We use pytorchs' built-in, pretrained ResNet18. We update the last linear layer to be mapping 512 to 136 for our number of points.


We split the data into 80/20 for training and validation. Then we used batchsize 256 on learning rate 1e-3 using the adam optimizer for 10 epochs. This gave us the following training graph:

Then, we trained using the same settings on the entire dataset. However, this time we did 15 epochs (we couldn't do 15 on the split due to time constraints).


For some reason, on the test dataset on kaggle our new model did worse than the one trained on less epochs. This may be due to some overfitting after training over a longer period. We ended up with a MSE of 13.19555.
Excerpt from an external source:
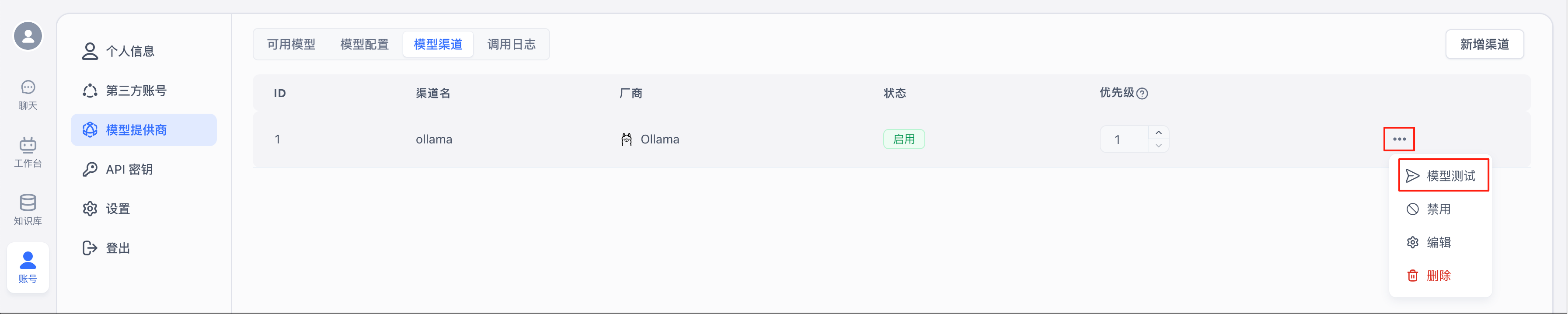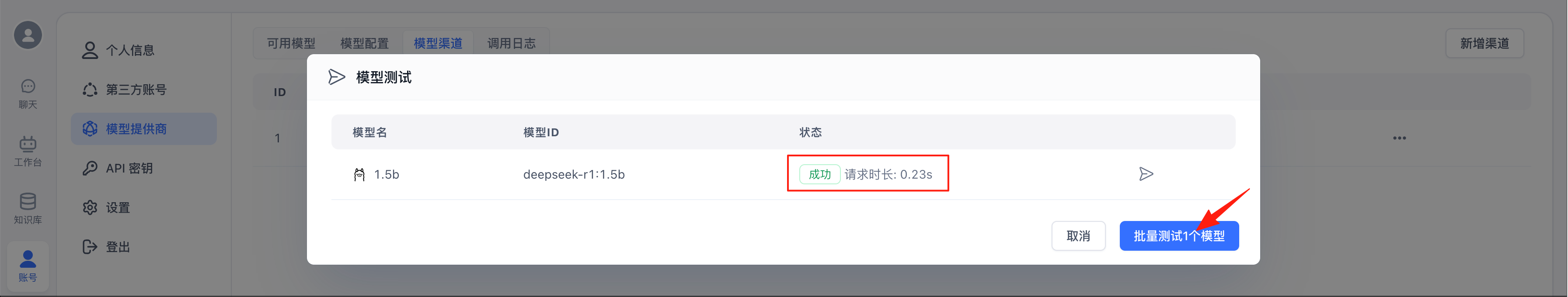 ”,可以对渠道中的所有模型进行批量测试,确保配置的模型有效

Here are some sample results:

We see that the model is having signifcant trouble with my images. The first (left-most) image is where it does the best, and does a decent job outlining the keypoints of my face. However, for the other two image, the quality of point labelling suffers. For the second image, the model seems to think my face is higher than it is. This may be simply because I defined the bounding boxes myself, and it does not match the convention of our input data. For the third image, the output is close, but it is just slightly off.

It looks like the model has trouble unless the input is exactly in the same format as our training data, as the self-defined bounding boxes don't work very well.

Bells and Whistles: Creating a Morph Sequence

I got some extra images of myself in addition to the ones from above. Then I cropped them all, run the network to generate keypoints, and finally used the code from project 3 to generate a movie. Here's how it turned out! Since the keypoint selection certainly isn't perfect, the movie looks a bit strange. But here it is!

I would've gotten more images, but I would have to select the boxes myself which is quite slow, and then run the project 3 code which would take just as long.